Born and raised in Kathmandu, Nepal, Anay comes from the family lineage of Repa Dorje Chang, a disciple of the Tibetan mystic Jetsun Milarepa. With a passion for art and spirituality at an early age, he studied traditional thangka—ornate renderings of Tibetan Buddhist deities and historical figures—painting at the Modern Art School in Mussoorie, India, before apprenticing under renowned Newar paubha—the Nepalese equivalent of the thangka—master Roshan Shakya, in Kathmandu, and Tibetan thangka master Ven. Jamyang, in Dharamsala, India. In 2003, Anay was chosen by the Fourteenth Dalai Lama and Khandro Kunga Bhuma, a realized practitioner and female oracle, to be artist-in-residence at His Holiness’s complex in Dharamsala, where he would spend the next eighteen years.
Anay has developed a distinctive painting style marked by traditional Himalayan forms, bold fields of color, and converging abstract patterns.

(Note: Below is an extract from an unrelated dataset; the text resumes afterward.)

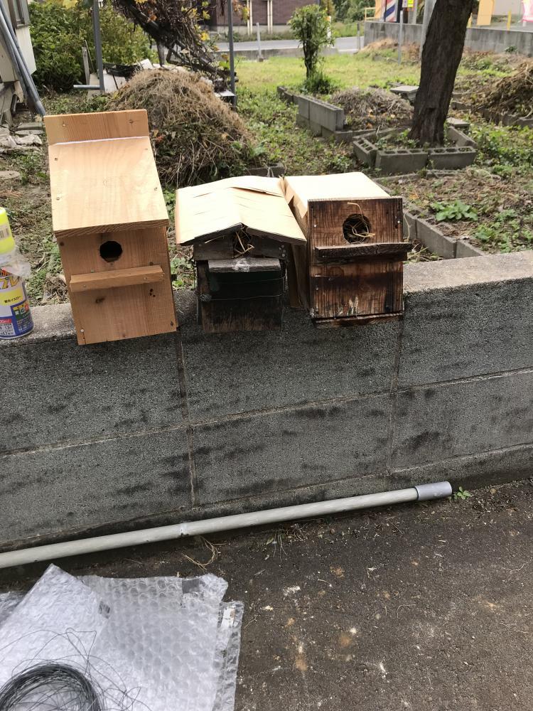 当店母屋の軒下にあるスズメアパート。結構利用するご夫婦が多いんですよ。ただ今、空室中にリフォームいたしております。新品の寝具・駐車スペースございます。毎朝、朝食付きでごさいます(近くのお地蔵様用のご飯ですが…)ご興味のあるスズメさん、お気軽にどーぞ。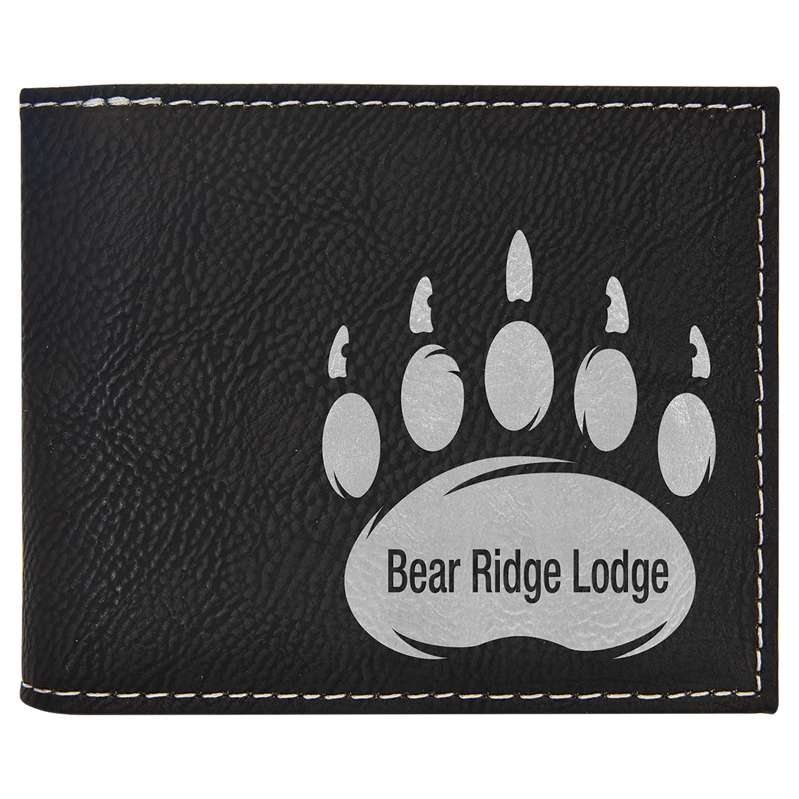 Black/Silver Laserable Leatherette Bi-Fold Wallet w/Flip ID Display

During his tenure, Anay served as the art director and lead artist for the creation of a series of sprawling thangkas—now installed within the inner sanctum of the five-story Great Stupa in Tawang, Arunachal Pradesh, India—as well as a body of sacred manuscript folio artworks. For Anay, this experience was transformative not only for his technical skills but also for his outlook on art itself. “At the beginning, I thought that art is just art, and it’s nothing more than that,” he says. “But while working on the project, I learned that art is a medium that can be used to improve ourselves inwardly.” With this in mind, Anay left the Dalai Lama’s residence ready to create accessible artwork and share it with the public, thus beginning his career as a modern artist.

In the years since his departure from Dharamsala, Anay has developed a distinctive painting style marked by traditional Himalayan forms, bold fields of color, and converging abstract patterns. An attempt to follow these luminous pathways around the canvas may induce in the viewer a meditative state, where feelings of compassion and interconnectedness naturally arise. Anay encourages such spaces of reflection, or “investigation.” “I want … viewers to learn and appreciate the human nature that we innately possess, because everything,” he says, “including happiness, comes from the inside.”
“If we can connect to the material world and the inner world, we will actually see the harmony that we can create within.”
To be sure, the blooming faces of Anay’s signature “happiness pods,” seen in Sun, Moon, and Star – Golden Field of Blessings (pp. 70–71), speak directly to our joyous nature. Other pieces, such as the aptly titled Shifting Emotions (p. 73), evoke a wider range of feelings. The beauty of both the background and the leading lady are offset by her noticeably flat affect. Upon close inspection, the viewer sees that her wide eyes are filled with people and objects, hinting at our own complicated inner worlds and encouraging us to recognize this in others.

Anay’s expertise as a thankga master is especially clear in his works that feature the seated Shakyamuni Buddha, as seen on this issue’s cover. An original creation for Tricycle’s Winter 2025 issue, the cover image combines classic elements of Tibetan Buddha depictions with Anay’s signature ornamental flair. He told Tricycle that he wanted to create a painting that “symbolizes timeless Buddhist teachings and the human experience in contemporary times.” Surrounded by bright shapes and lotuses, the serene Buddha in the foreground holds a luminous sphere in his hand. “The sphere is a universal metaphor,”Anay says. “It symbolizes the innate pure nature of every being, reflecting the fundamental qualities embodied by Shakyamuni Buddha.”
Looking ahead, Anay hopes that his art can inspire spiritual growth on “even the smallest scale.” “I pour my soul into the art based on my Buddhist values,” he continues, “so I want to be able to give any type of little joy or happiness to the viewers who see my art.”